ICF.cpp source code [llvm_projects/lld/ELF/ICF.cpp]

1	//===- ICF.cpp ------------------------------------------------------------===//
2	//
3	// Part of the LLVM Project, under the Apache License v2.0 with LLVM Exceptions.
4	// See https://llvm.org/LICENSE.txt for license information.
5	// SPDX-License-Identifier: Apache-2.0 WITH LLVM-exception
6	//
7	//===----------------------------------------------------------------------===//
8	//
9	// ICF is short for Identical Code Folding. This is a size optimization to
10	// identify and merge two or more read-only sections (typically functions)

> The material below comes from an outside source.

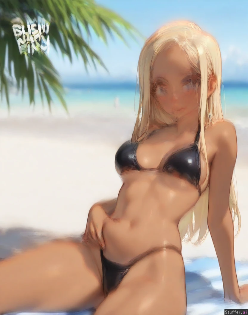hdr, c.cu, blushyspicy, betterwithsalt:1.4, best quality, anime, beautiful, intricate details, pewbutt(artist), masterpiece, beautiful 8k, high resolution, maximum pixel density, masterpiece, (((highly detailed))), ((flawless)), (((high rating))), ((highly detailed face)), full resolution, 8k, high resolution, best quality, 1woman, milf, detailed eyes, ((solo)) Appearance: Long straight blonde hair, blue eyes, tan skin, freckles, blushing heavily, anime-woman, sly smile, sitting, leaning back Outfit: blue bikin top, black thong Location: at the beach (posing on beach), side-view, looking at viewer Modifiers: (Slim figure:1.65), (chubby belly:1.0), (morbidly obese ssbbw figure:1.0), voluptuous, (weight gain), (Modest breasts:0.88), (breast expansion), (Wide waist:1.0), (thick thighs:1.0), (wide hips:1.0),

11	// that happened to have the same contents. It usually reduces output size
12	// by a few percent.
13	//
14	// In ICF, two sections are considered identical if they have the same
15	// section flags, section data, and relocations. Relocations are tricky,
16	// because two relocations are considered the same if they have the same
17	// relocation types, values, and if they point to the same sections in*
18	// terms of ICF.*
19	//
20	// Here is an example. If foo and bar defined below are compiled to the
21	// same machine instructions, ICF can and should merge the two, although
22	// their relocations point to each other.
23	//
24	// void foo() { bar(); }
25	// void bar() { foo(); }
26	//
27	// If you merge the two, their relocations point to the same section and
28	// thus you know they are mergeable, but how do you know they are
29	// mergeable in the first place? This is not an easy problem to solve.
30	//
31	// What we are doing in LLD is to partition sections into equivalence
32	// classes. Sections in the same equivalence class when the algorithm
33	// terminates are considered identical. Here are details:
34	//
35	// 1. First, we partition sections using their hash values as keys. Hash
36	// values contain section types, section contents and numbers of
37	// relocations. During this step, relocation targets are not taken into
38	// account. We just put sections that apparently differ into different
39	// equivalence classes.
40	//
41	// 2. Next, for each equivalence class, we visit sections to compare
42	// relocation targets. Relocation targets are considered equivalent if
43	// their targets are in the same equivalence class. Sections with
44	// different relocation targets are put into different equivalence
45	// classes.
46	//
47	// 3. If we split an equivalence class in step 2, two relocations
48	// previously target the same equivalence class may now target
49	// different equivalence classes. Therefore, we repeat step 2 until a
50	// convergence is obtained.
51	//
52	// 4. For each equivalence class C, pick an arbitrary section in C, and
53	// merge all the other sections in C with it.
54	//
55	// For small programs, this algorithm needs 3-5 iterations. For large
56	// programs such as Chromium, it takes more than 20 iterations.
57	//
58	// This algorithm was mentioned as an "optimistic algorithm" in [1],
59	// though gold implements a different algorithm than this.
60	//
61	// We parallelize each step so that multiple threads can work on different
62	// equivalence classes concurrently. That gave us a large performance
63	// boost when applying ICF on large programs. For example, MSVC link.exe
64	// or GNU gold takes 10-20 seconds to apply ICF on Chromium, whose output
65	// size is about 1.5 GB, but LLD can finish it in less than 2 seconds on a
66	// 2.8 GHz 40 core machine. Even without threading, LLD's ICF is still
67	// faster than MSVC or gold though.
68	//
69	// [1] Safe ICF: Pointer Safe and Unwinding aware Identical Code Folding
70	// in the Gold Linker
71	// http://static.googleusercontent.com/media/research.google.com/en//pubs/archive/36912.pdf
72	//
73	//===----------------------------------------------------------------------===//
74
75	#include "ICF.h"
76	#include "Config.h"
77	#include "InputFiles.h"
78	#include "LinkerScript.h"
79	#include "OutputSections.h"
80	#include "SymbolTable.h"
81	#include "Symbols.h"
82	#include "SyntheticSections.h"
83	#include "llvm/BinaryFormat/ELF.h"
84	#include "llvm/Object/ELF.h"
85	#include "llvm/Support/Parallel.h"
86	#include "llvm/Support/TimeProfiler.h"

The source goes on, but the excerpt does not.